Cinfa applied in NL for several MAs for FDC products containing ezetimibe and atorvastatin. The CBG granted these MAs under the simplified requirements of Art. 10(b) of the Directive. For the same combination, the CBG had already granted an MA to Organon for its product Atozet. This MA was also based on the Art. 10(b) procedure. Both Organon and Cinfa submitted their own dossier for the FDC, relying on the existing mono product dossiers for the respective individual active substances, which were no longer protected by data/market exclusivity. Furthermore, the indications do not fully overlap. Cinfa’s products are indicated as a substitution therapy.

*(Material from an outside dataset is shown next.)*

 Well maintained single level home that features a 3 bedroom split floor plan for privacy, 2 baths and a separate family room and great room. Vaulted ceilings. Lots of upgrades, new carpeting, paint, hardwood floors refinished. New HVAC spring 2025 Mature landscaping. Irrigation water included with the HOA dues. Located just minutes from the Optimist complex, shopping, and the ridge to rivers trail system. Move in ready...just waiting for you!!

Organon objected to the MAs granted to Cinfa. The CBG dismissed Organon’s objections. Organon therefore appealed to Administrative Division of the District Court of Noord Holland (the “Court”). The Court held that the MAs for Cinfa’s FDC could not lawfully be granted using the Art. 10(b) procedure. In the Court’s view, ezetimibe and atorvastatin had already been combined “for therapeutic purposes” in Atozet. On a literal reading, Art. 10(b) only applies where the active substances “have not hitherto been used in combination for therapeutic purposes”. Once an FDC has been authorised under Art. 10(b), thesame combination can therefore no longer benefit fromthat simplified route. Both the CBG and Cinfa appealed to the Council.

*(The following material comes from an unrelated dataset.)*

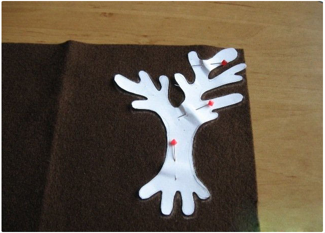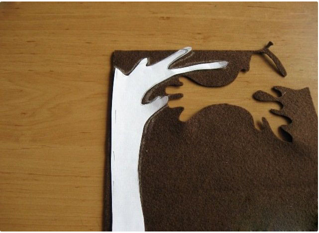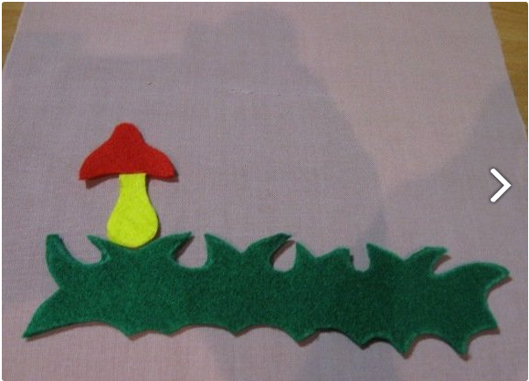 • За шаблоном вирізаємо з фетру їжачка, гриб, стовбур, крону дерева та листочки
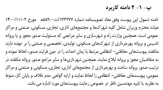 وی افزود: بر این اساس شهرداری‌ها باید هنگام صدور پایان کار به این موارد توجه کنند. دامنه شمول این مقررات شامل شهرک‌ها و مجتمع‌های مسکونی است. برای ساختمان‌های صنعتی و تجاری، همچنین مجتمع‌های تجاری و ساختمان‌های عمومی با چهار واحد و بالاتر این مقررات الزامی است. اما برای ساختمان‌های با کمتر از چهار واحد، لازم‌الاجرا نخواهد بود.

Interpretation of Article 10 (b) Directive 2001/83

The Council notes that Art. 10(b) offers a simplified route for FDCs where each active substance is already authorised as a mono product and its data exclusivity has expired. The applicant may rely on the existing mono product dossiers and only has to provide new preclinical and/or clinical data for the combination product itself. The Council states that the primary objective of the Directive is the protection of public health, while it also aims to avoid unnecessary repetition of animal/human testing, but also to create an environment that does not unduly hinder pharmaceutical innovation and competition.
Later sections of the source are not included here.